For P. aeruginosa, DMEM (Mediatech, Herndon, VA) containing 10% FBS (Sigma-Aldrich) was inoculated with the PAO1 strain (PerkinElmer Xen41; isolated after overnight growth on blood agar plates) and cultured while shaking in room air at 37°C for 6 hours; a sterile supernatant was collected by removing bacteria using sedimentation (at 1500g) followed by filtration (with 0.22-μm pores). The P. aeruginosa supernatants (PAS) were confirmed sterile and stored at 4°C until used in experiments.
2.5μm particulate matter samples were collected for 1 week from a ventilation exhaust stack in a northeast US urban highway tunnel. The samples were collected on polyurethane foam using a High Volume Cascade Impactor (HVCI). PM2.5 were released from the collection filter by vigorous washing in PBS followed by sonication and used at a final concentration of 5 mg/cm .

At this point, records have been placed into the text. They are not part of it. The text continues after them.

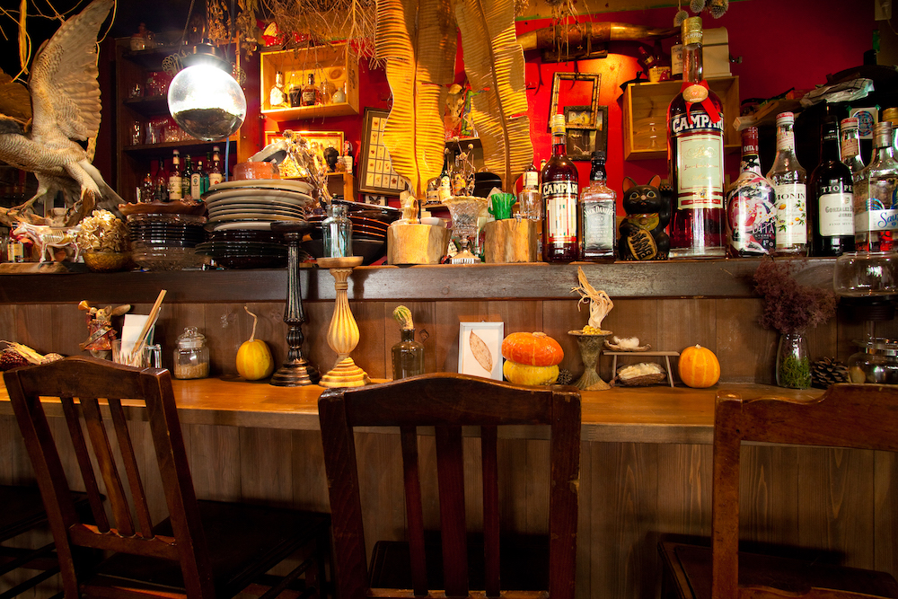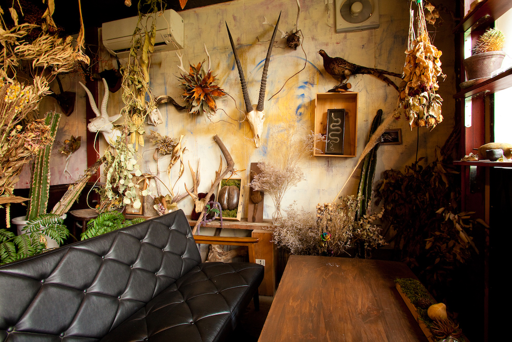 宿が地下鉄沿線の周辺なら、ふらっと夜ご飯やちょい飲みに出かけるのもオススメです。剥製や植物に見守られながらのひとり飲みもいい感じ。
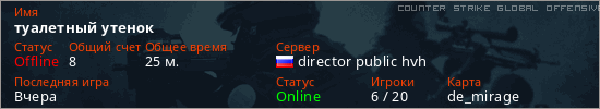 Последний раз был в сети Вчера Игрок с таким ником замечен на 5 серверах
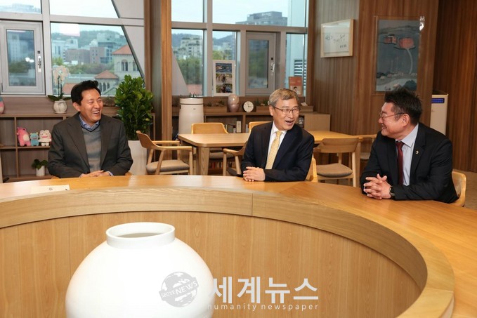 [세계뉴스 탁병훈 기자] 29일 오후 3시 정근식 교육감이 서울시청을 찾아 오세훈 서울시장과 상견례를 가졌다.
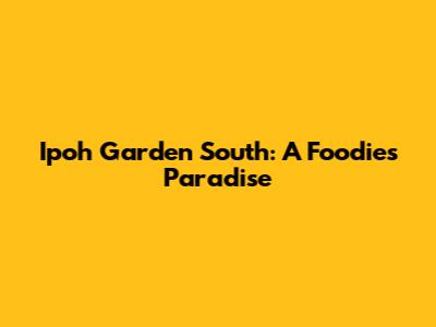 Unveiling Ipoh Garden South's Culinary Delights

CAL27 cells were purchased from and cultured according to ATCC recommendations (ATCC, Manassas, VA). All experiments were performed within six months of vial thawing from ATCC, which validates its cell lines via STR-profiling and COI analysis. HSC-3 cells were a generous gift from Dr. Roberto Weigert (NIDCR, Bethesda, MD) and were validated by Genetica DNA Laboratories (Burlington, NC) within six months of all experimentation via STR Profiling. Cells were maintained in DMEM (Mediatech, Herndon, VA) containing 10% FBS (Sigma-Aldrich), 100 I.U. penicillin/100 μg/ml streptomycin (Mediatech), 10 μg/ml insulin (Sigma-Aldrich), and 5 μg/ml plasmocin (Invivogen, San Diego, CA).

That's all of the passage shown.